A habilidade ou inteligência intrapessoal é definida como a capacidade de conhecer a si mesmo e utilizar plenamente as próprias competências.

Não foi à toa que os gregos eternizaram a máxima “Conhece-te a ti mesmo”, nas palavras do filósofo Sócrates, pois o autoconhecimento é essencial para compreender o mundo ao redor.

Afinal, quando olhamos para nós mesmos, conseguimos entender as motivações, desejos e ações dos outros.

Quem identificou a inteligência intrapessoal foi o psicólogo Howard Gardner, com sua célebre Teoria das Inteligências Múltiplas.

Em sua obra Estruturas da mente: a teoria das inteligências múltiplas (Artes Médicas Sul, 2002), Gardner critica a ideia de que a inteligência é uma propriedade única e defende um conjunto mais amplo de competências humanas.

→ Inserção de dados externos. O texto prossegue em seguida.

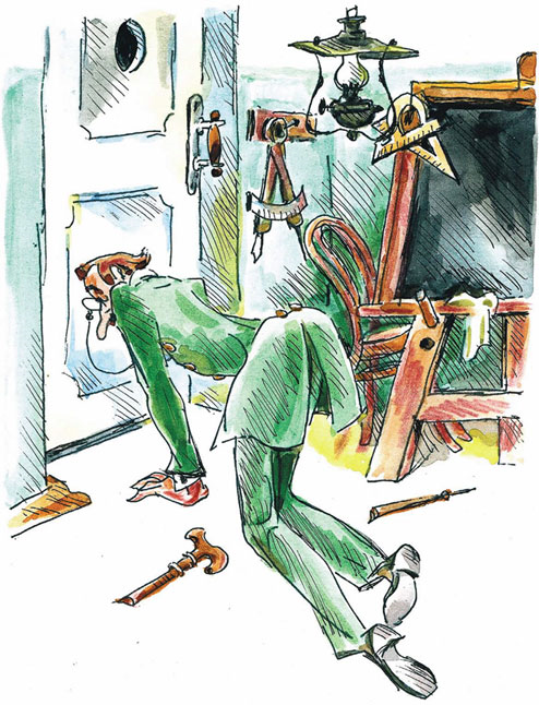 Гвоздик вздохнул и пошел. Но когда Нус Прошус взял его за плечо, случилось небывалое. Учительский стул полетел в угол, а сам наставник взмахнул в воздухе лаковыми башмаками, грохнулся на четвереньки и в таком положении выбежал за дверь, открыв ее головой. Вслед ему полетели обломки трости. Все обмерли. А Гвоздик стоял и смущенно потирал коленку, о которую перешиб палку господина Шпицназе.

O autor vai além da noção de inteligência como “Q.I.” e reconhece 7 categorias de capacidades totalmente independentes.

Entre essas capacidades, está a inteligência intrapessoal, que se destaca por ser a mais introspectiva.

Ou seja, uma pessoa com boa inteligência intrapessoal deve ser capaz de acessar suas emoções e pensamentos com clareza.

Mas não basta olhar no espelho e reconhecer quem você vê.

Para desenvolver a capacidade intrapessoal, é preciso que a imagem de si próprio seja verdadeira e coerente.

Com um reflexo efetivo e realista, você se torna capaz de explorar seus pontos fortes, controlar suas emoções e se adaptar a qualquer situação.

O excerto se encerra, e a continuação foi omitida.